I am not going to win any Mom of the Year awards for saying this but having a break from my kids is kind of a good thing. Divorce has given me two or three days a week when I don’t have my kids and I didn’t realize it until this new arrangement settled in, that time away is an ok thing-for all of us.
It isn’t like I actually go for three days without seeing or talking to them. Most weeks sports, the phone and volunteering at school gets me sneak peaks into their time away from me. And my time away from them is mostly filled with normal things like cleaning and errands and the gym, things that are nice to do without my helpers. I schedule work travel these days and I re-group and prepare for their return to me. Some weeks I have a lot of alone time and some weeks are packed with friends and some weeks I miss the boys a ton and some weeks that missing is not such a strong feeling. I am always ready for them to come home.

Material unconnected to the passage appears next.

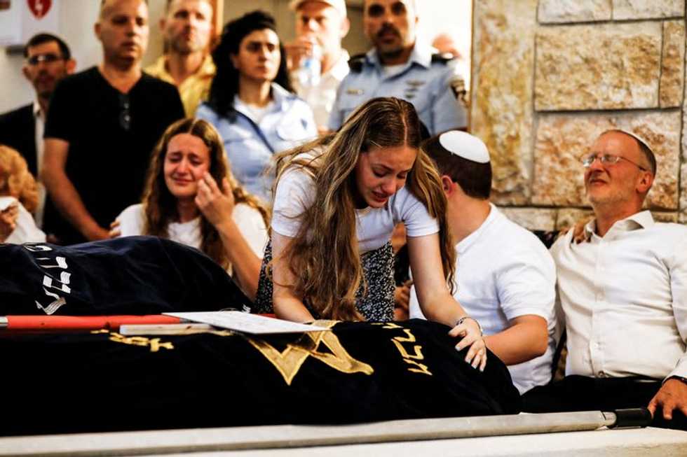 KFAR ETZION, West Bank (Reuters) - The family of two Israeli sisters who were killed in a shooting attack in the occupied West Bank shared tearful eulogies on Sunday with a room full of weeping mourners, while their mother who was wounded remained in a coma. Maia and Rina Dee, 20 and 15, who were also British citizens, died on Friday when their car was shot at by a suspected Palestinian gunman. Israeli forces are still trying to track the assailant down. The sisters' father, Leo, broke down in tears as he spoke before the crowd that had gathered in the Jewish settlement of Kfar Etzion for the ...

Our time together isn’t crazy. Sometimes we are on the go, and sometimes we just lounge. We talk and laugh and argue and yell and cry and get time outs and tell stories. We do homework and chores and they fight and I get mad and I feed them, trim their nails and make them pick up their little army guys that make the floors dangerous for bare feet. It is no different from what any other parent does, but now for me, the time away from them makes these every day parent-kid things more bright. I notice the details, tiny changes stand out and I react more calmly and nudge smarter. Our time becomes embedded in my mind, not much happens anymore that I let just move past me, without recognition. And I am not sure why I couldn’t do this as well when I had them everyday. I am not sure why I couldn’t see them as clearly as I do now. Maybe I am just more conscious of the fact that my time with them is limited so I capture it and hold it more tightly so I don’t really ever miss a thing.